The island is the legendary birthplace of the sun and the entire Inca civilisation. Once we'd docked and paid our entry money we walked up to the picturesque remains of an Inca town. We then set off to hike from north to south, furnishing us with excellent views over Titicaca. We stopped for our customary picnic lunch on one of the highest hills, only to be charged repeatedly by a solitary, lunatic sheep. Obviously a distant relative to the little-known Bolivian pig-turkey.

The islands are justifiably known for their clarity of their light and the views were still amazing when we reached the cute village of Yumani and watched sunset. We managed to locate a room that both lacked curtains and faced east, so naturally we got to watch sunrise too. Cool as mustard, we held our ground in the morning when the locals attempted to fleece us over the return boat fare. Just as it was about to depart they ended by taking considerably less, as always swearing us to silence so as not to aggravate the other passengers who'd paid more ! From Copacabana it was just a short bus ride back into Peru, and towards the much-awaited Inca Trail to Macchu Picchu ...

-- Anonymous, October 15, 2001

Answers

A Perfectly Presented Posting Per Peru!

-- Anonymous, October 15, 2001

Absolutely fascinating.
What a great trip - I'm deed jealous.

-- Anonymous, October 15, 2001

I`m hoping to get a bound copy of the `collective works` for Christmas! Great stuff.(:o)

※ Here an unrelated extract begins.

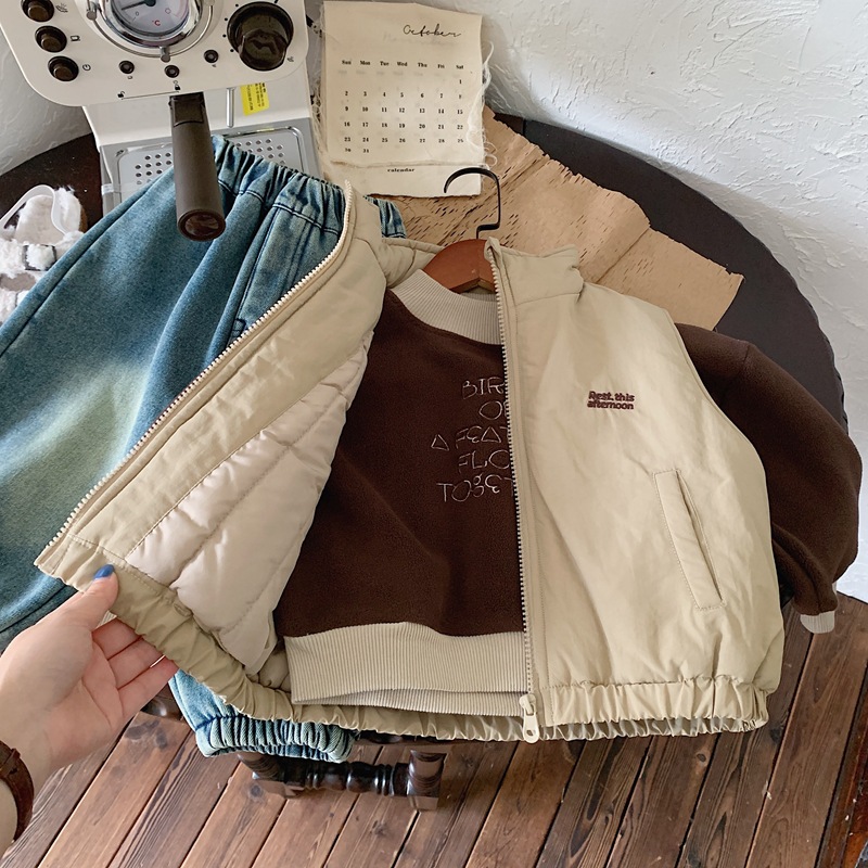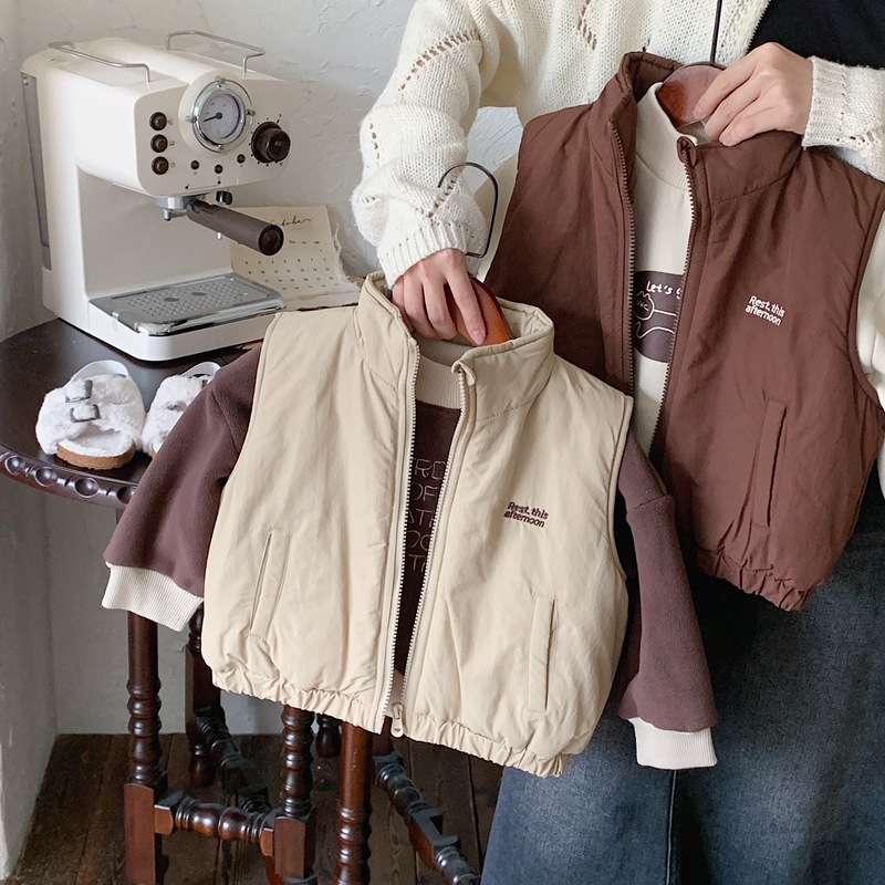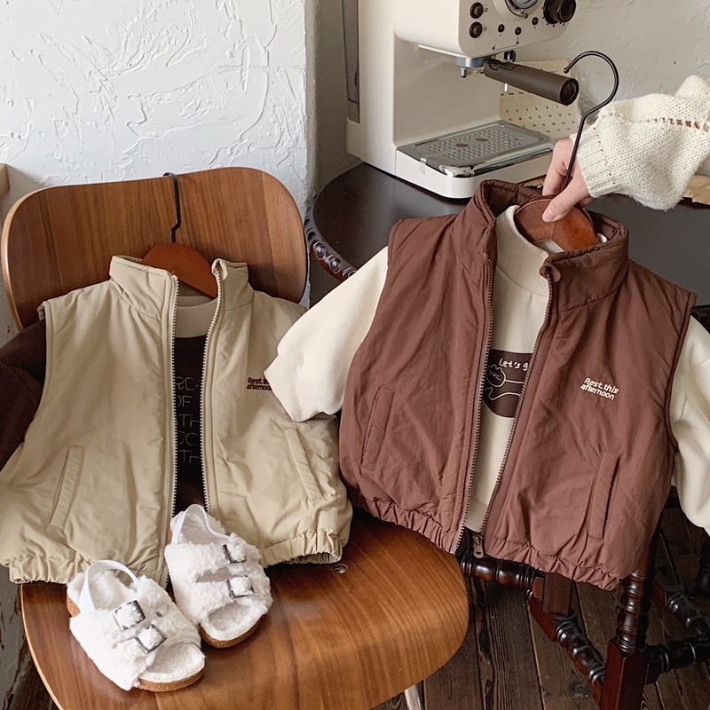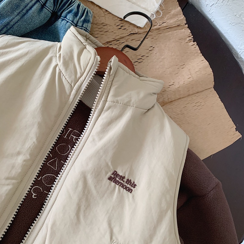 双12抢先购!【酷感十足!抗寒无忧】冬季儿童加棉马甲拉链衫,小男童个性百搭棉服 加厚外套刺绣背心 多功能搭配,轻便舒适穿着

-- Anonymous, October 16, 2001

Ya know, that's not a bad idea Galaxy. All these adventures would make a great book. Or at least a serialization in a magazine!

-- Anonymous, October 16, 2001

B%gga me that's long ! Obviously by someone with too much spare time on his hands

;O))

-- Anonymous, October 16, 2001



I don't believe these events actually happened. Nobody could have enough time to do it all AND type out the emails.

-- Anonymous, October 17, 2001

Spot on Nick, Loony is holed up in a bed sit with a Frommers, a Lonley Planet and a Rough Guide. He still tells Breda he is off to work and sits day after day in front of the keyboard.

And you know what they say will eventually happen if a monkey sits long enough in front of a keyboard.

-- Anonymous, October 17, 2001


I dunno gus, what do they say ? He starts to spank himself or something ... ??

Cynics, the lot of you !! Why can't you believe someone can be so talented, yet (still) out of work ?!

;O))

-- Anonymous, October 17, 2001


Nah I thought it was he will try to eat it!